Excited-State Properties and Transitions of Fluorescent 8-Vinyl Adenosine in DNA

Abstract

8-vinyl-adenosine (8VA) is a new fluorescent nucleoside analogue with improved spectroscopic properties as compared to 2-aminopurine (2AP). To further understand its photophysics, we analyzed by the time-dependent density functional theory and the configuration interaction single method, the electronic properties, and transitions of 8VA in its free form and stacked with one or two flanking bases. For free 8VA, the predicted excited-state energy gaps, absorbance peak position, and oscillator strength were found to be in excellent agreement with the experimentally determined ones. Moreover, its high fluorescence quantum yield was found to be associated with the dipole-allowed S1 --> S0 transition.
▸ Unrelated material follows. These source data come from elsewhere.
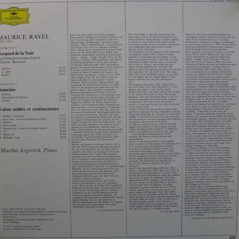 Maurice Ravel, Martha Argerich, Gaspard De La Nuit • Sonatine • Valses Nobles Et Sentimentales, LP 1975 Germany, Deutsche Grammophon, płyta winylowa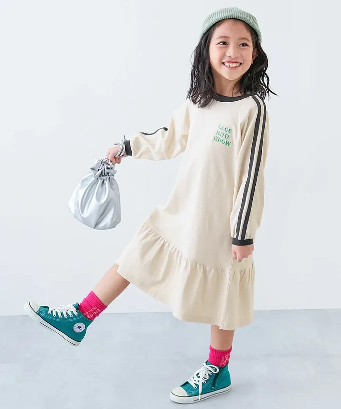 日本 devirock - 純棉運動風荷葉下擺長袖洋裝-象牙白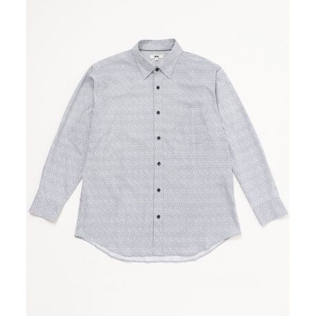 ■アイテム説明細番手の糸の横編みのスムースニット素材のシャツです。洗濯収縮が少なく、ウォッシュ&ウェア性が高くナチュラルなストレッチ性、柔らかい風合いで肌馴染みが非常に良いシャツです。細番手の糸を使用している為肌馴染みがとても良いです。品の良いミニリープ柄プリントで胸元を華やかに演出します。スリムフィットボディでパンツINしても腰回りがもたつきにくく、衿デザインは使い勝手の良いフライポイントカラーです。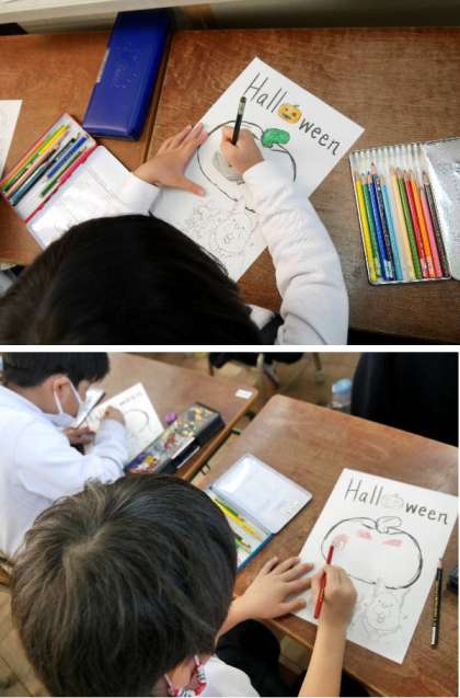 11月4日 1年英語!ハロウィーンの絵をぬろう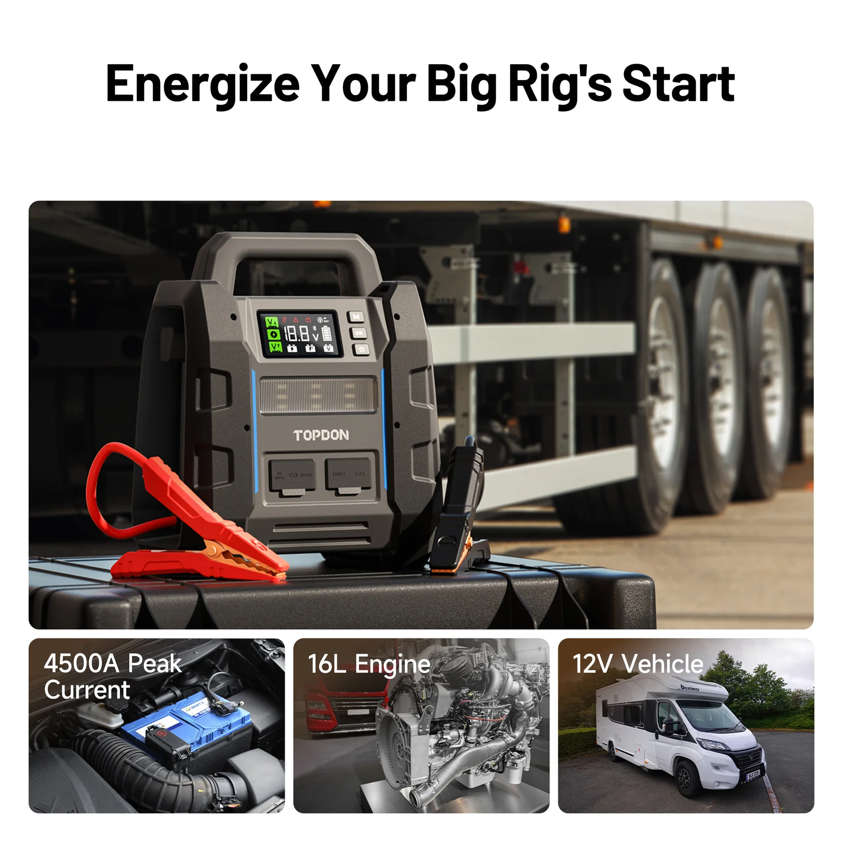 TOPDON V4500 Plus je navrhnutý pre 12 V vozidlá – od osobných áut, cez dodávky, SUV a karavany, až po nákladné vozidlá, traktory a pracovné stroje. Vysoký štartovací prúd pomáha prebrať k životu aj batérie, ktoré by ste už inak považovali za „mŕtve“.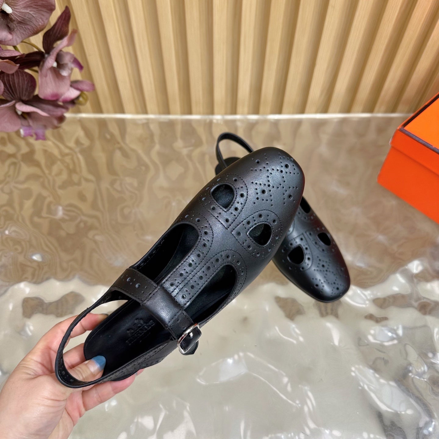 HM 25 Kim Slingback Black Lambskin 352959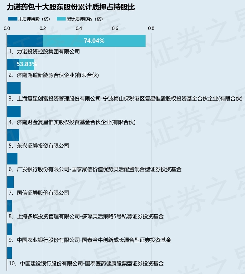 截止本公告日,股东力诺投资控股集团有限公司已累计质押股份5693.0万股,占其持股总数的74.04%,股东济南鸿道新能源合伙企业(有限合伙)已累计质押股份817.0万股,占其持股总数的53.83%。本次质押后力诺药包十大股东的累计质押股份占持股比例(占持股比例的计算以公司最新一期财务报表公布的十大股东的持股总数为基准)见下图:
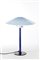 Lampada da tavolo modello "Chiara". Venini, Murano, 1984. Fusto in vetro soffiato blu a baguette, paralume in vetro incamiciato lattimo e azzurrino, base in ghisa. (h cm 57)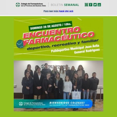 Está disponible el boletín semanal de noticias del Colegio de Farmacéuticos de la Provincia de Buenos Aires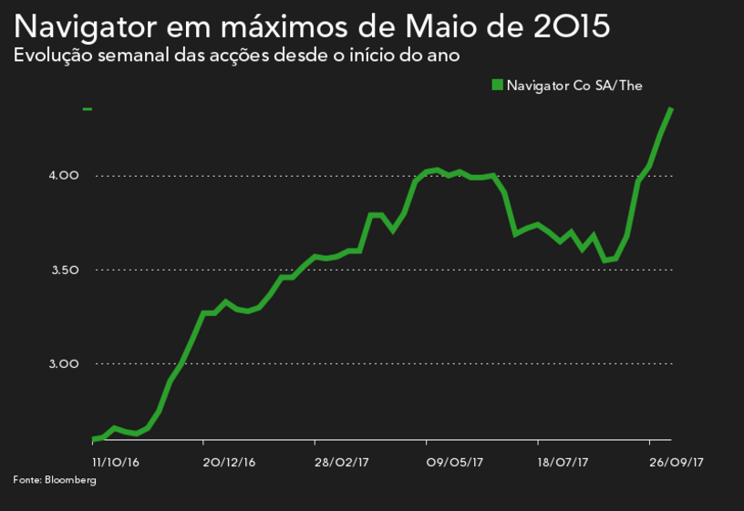 Mas este é um comportamento partilhado também pela Navigator, sendo uma evolução de sector. As acções da empresa liderada por Diogo da Silveira estão a subir 0,69% para 4,35 euros, tendo já negociado nos 4,379 euros, o que corresponde ao valor mais elevado desde Maio de 2015. As subidas recentes – desde 8 de Setembro que aprecia 22% - elevam para 37% o ganho desde o início do ano.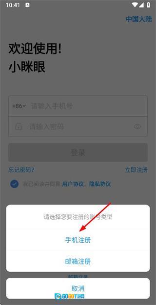 在注册方式窗口选择手机注册,进入手机注册页面。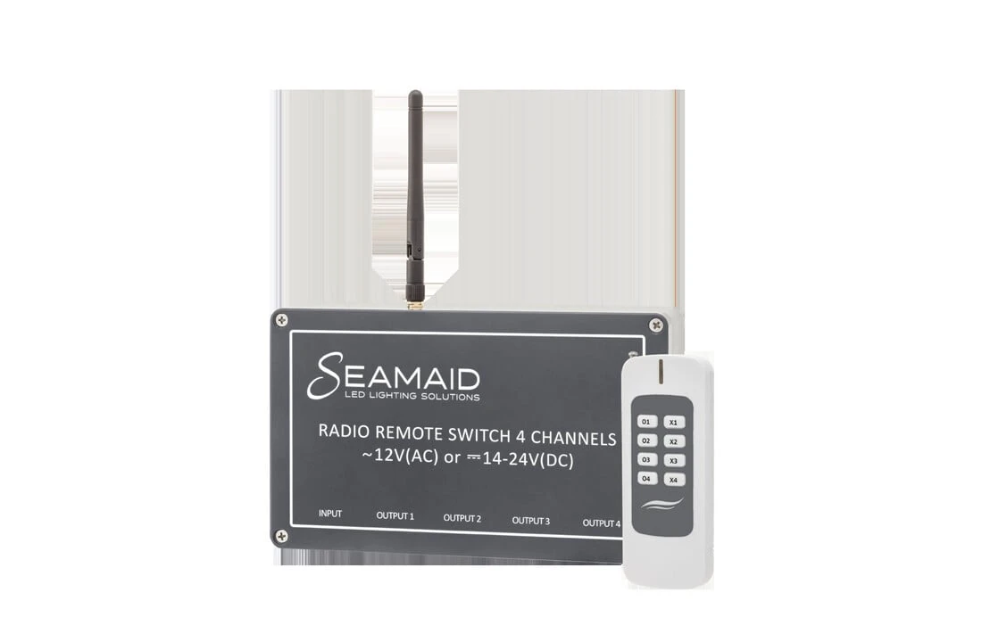 Deze draadloze ontvanger van Seamaid zorgt voor een gemakkelijke bediening van je ingebouwde zwembadverlichting. Deze op afstand bestuurbare schakelaar met afstandsbediening kan je zowel witte als kleuren lampen bedienen. Deze ontvanger is geschikt voor een maximum van 12 lampen met een totaal vermogen van maximaal 460 W. De ontvanger heeft 4 ingebouwde kanalen. Hiermee kan je 4 verschillende groepen van lampen maken.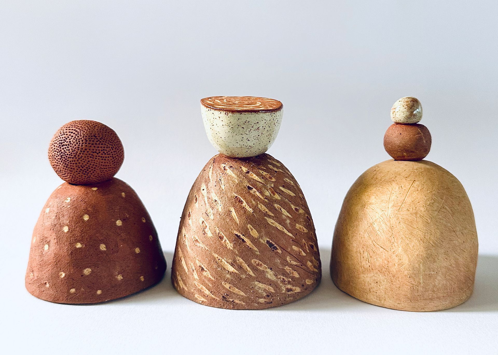Image: Vicki Grima, Lidded Vessel 1, 2, 3, 2022 Eagles Close, Red Retreat and Hillside clays, Display: 10 x 21 x 7.5cm, Courtesy of the artist.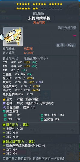 【永恆弓箭手帽】雙傳22星36%敏永恆弓箭手帽 附加大雙 白3全V捲~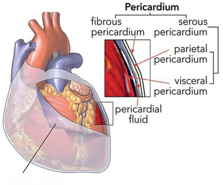 心包膜(pericardium)是人体心脏表面包裹心和出入心大血管根部的纤维浆膜囊,分内、外两层,外层为纤维性心包,内层为浆膜性心包。其中,纤维性心包由坚韧的结缔组织构成,防止心过度扩张,保持血容量的相对恒定,并起到屏障保护作用;浆膜性心包薄而光滑,分脏、壁两层,脏层即心外膜,紧贴心肌层表面及出入心的大血管根部外面。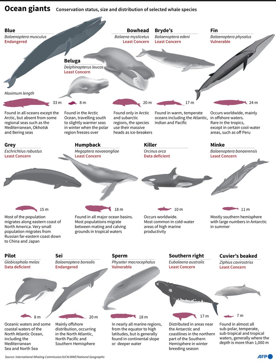 #AFPGraphics on the conservation status, size and distribution of selected whale species
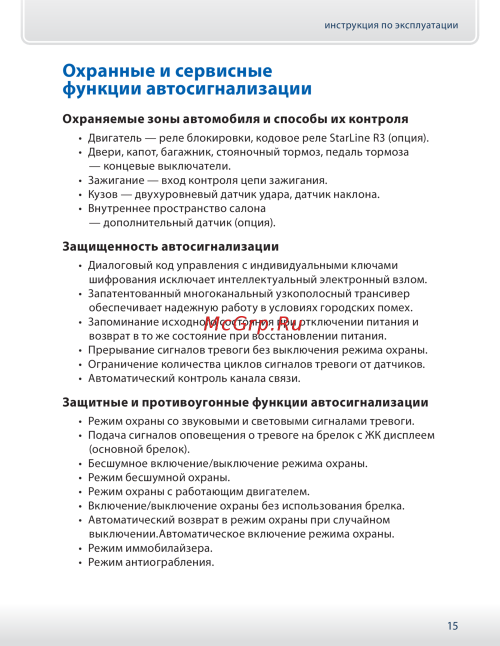 - Охранные и сервисные функции автосигнализации p.15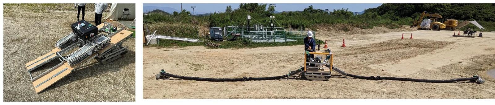 河道閉塞は山間部で起きるため、大型の重機を搬入することは困難です。大須賀教授らは、ヘリコプターで運搬可能な1t程度の小型機材をコンテナに収納して運び入れ、状況に応じて機材を組み替えて異なる作業を行えるようにしました。今回のデモでは4種類のロボットを使い、偵察と排水という2種類のデモを実施します。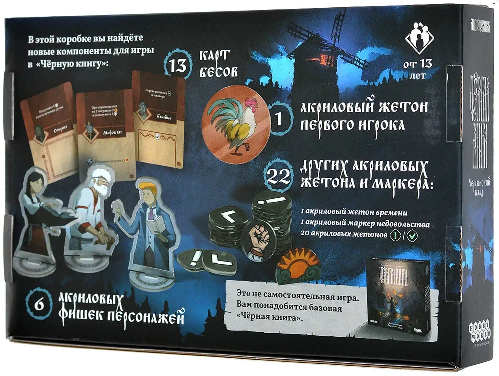 «Чёрная книга: Чердынский клад» – дополнение к атмосфереcкой кооперативной кампании «Чёрная книга», действие которой разворачивается в Чердынском уезде конца XIX века. Базовая игра уже знакомит вас с ролью знатких – колдунов, владеющих силой Чёрной книги, а это расширение углубляет их связь с нечистью и делает оформление партии более «премиальным» за счёт акриловых компонентов.

Stacking of 8VA with C, T, or A in dimers or trimers resulted in fluorescence quenching through mechanisms that depend on the nature and relative orientation of the flanking base(s). When 8VA is stacked with T, quenching mainly results from nonradiative relaxation to low-lying dark excited state(s) that do not exist in free 8VA. When 8VA is stacked with A, quenching results mainly from mixing of the molecular orbitals in the ground state. Both types of quenching are thought to accompany the stacking of 8VA with C. In addition, the C-8VA-C trimer was found to exhibit a low-lying S1 emissive state that may generate an increased fluorescence quantum yield and lifetime. The predicted photophysical properties of the trimers are highly consistent with the spectroscopic data of a series of 15-mer oligonucleotides differing only by the nature of the residues flanking the central 8VA.